-- Data records follows --

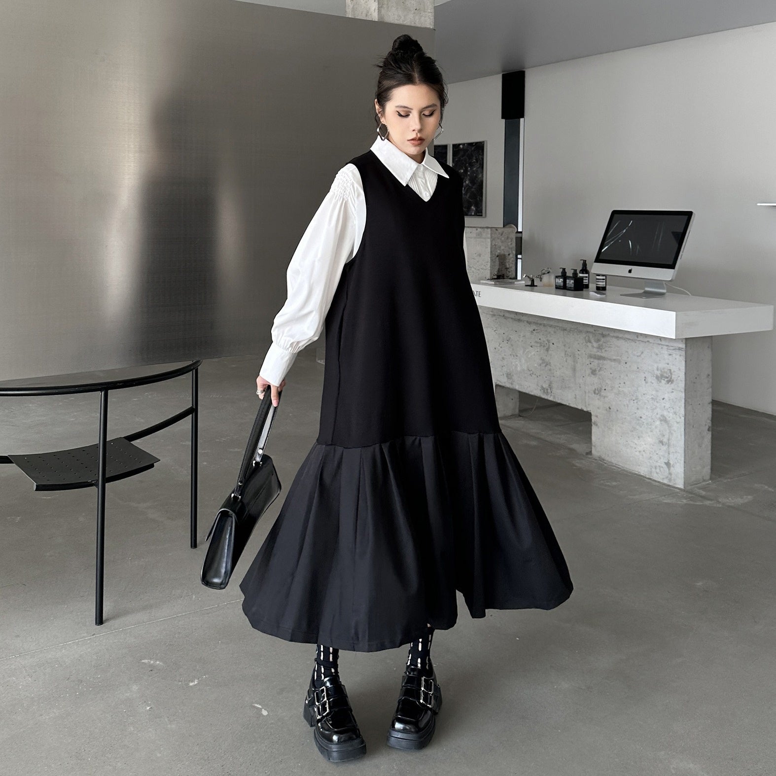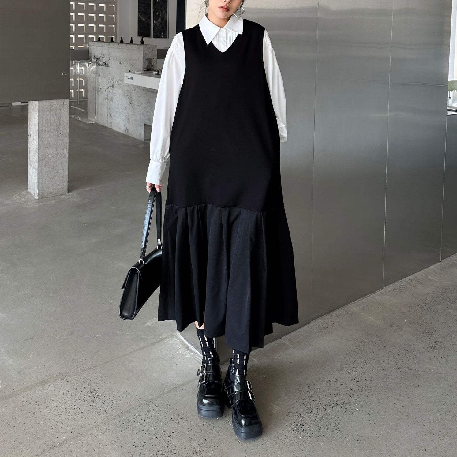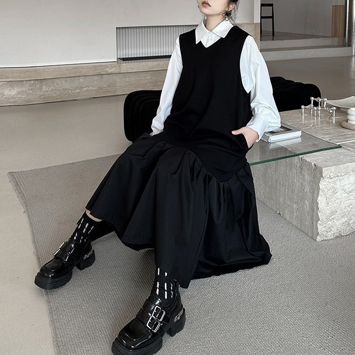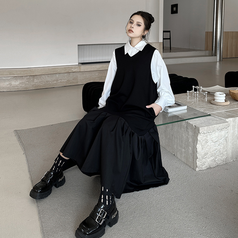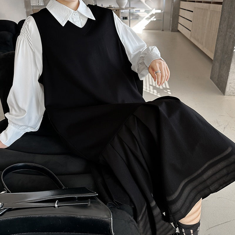 【ワンピース】春 秋 冬 Vネック 重ね着 ノースリーブ ワンピース 【AHシリーズ】
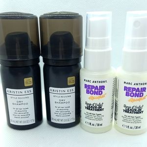 2 bottles Kristen Ess Style Reviving dry shampoo for all hair types, 0.6 oz each bottle, oil absorbing, odor eliminating, blow dry extending, vitamin rich
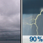 Temperature: 56°F Wind Speed: 7 to 10 mph Wind Direction: SE Forecast: Rain likely before 10am, then showers and thunderstorms between 10am and 1pm, then rain. Mostly cloudy, with a high near 56. Southeast wind 7 to 10 mph, with gusts as high as 18 mph. Chance of precipitation is 80%. New rainfall amounts between a quarter and half of an inch possible. |
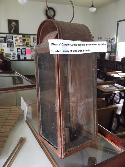 Old miners' lamp used by the Hunter families in the coal mines before coming to Decorah Prairie in 1853
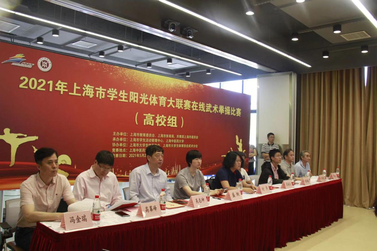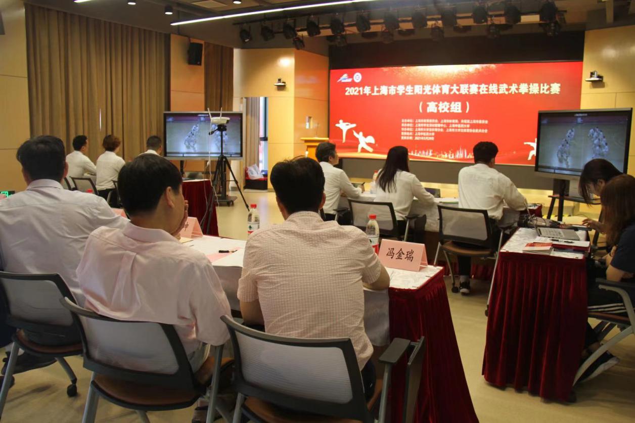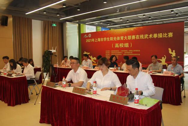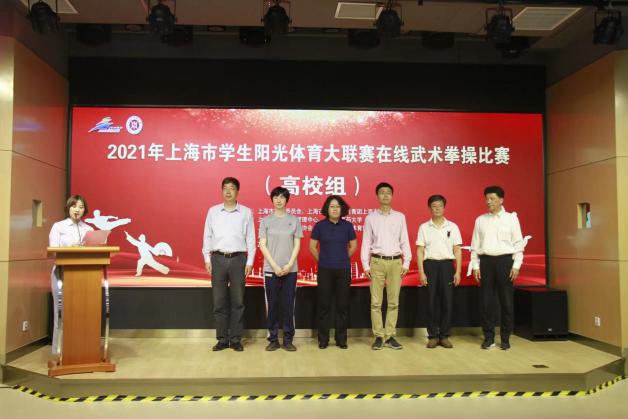 5月29日上午,2021年上海市学生阳光体育大联赛武术拳操比赛在beat365官网以直播形式在线举行。此次比赛由上海市教育委员会、上海市体育局、共青团上海市委员会主办。来自沪上14所高校的343名学子参加此次比赛。比赛由各单位提前录制视频上传,根据抽签顺序安排视频现场播放,裁判组成员统一在线观看视频后进行打分。上海市教委体卫艺科处副处长时多,上海市学生活动管理中心副主任盛炯、体育部副部长黄孙巍,上海师范大学教授张福云,上海体育学院教授刘同为,上海师范大学教授高幕峰,beat365官网体育部主任吴志坤、体育部传统保健体育教研室主任冯金瑞等出席比赛开幕式。

-- Data records concluded --

• [Required action]: Retype, please, exactly the lines that begin with the one containing "Old miners' lamp" and end at the last line of the entries above, both included, leaving out pictures.

• [Result]:
 Old miners' lamp used by the Hunter families in the coal mines before coming to Decorah Prairie in 1853
 5月29日上午,2021年上海市学生阳光体育大联赛武术拳操比赛在beat365官网以直播形式在线举行。此次比赛由上海市教育委员会、上海市体育局、共青团上海市委员会主办。来自沪上14所高校的343名学子参加此次比赛。比赛由各单位提前录制视频上传,根据抽签顺序安排视频现场播放,裁判组成员统一在线观看视频后进行打分。上海市教委体卫艺科处副处长时多,上海市学生活动管理中心副主任盛炯、体育部副部长黄孙巍,上海师范大学教授张福云,上海体育学院教授刘同为,上海师范大学教授高幕峰,beat365官网体育部主任吴志坤、体育部传统保健体育教研室主任冯金瑞等出席比赛开幕式。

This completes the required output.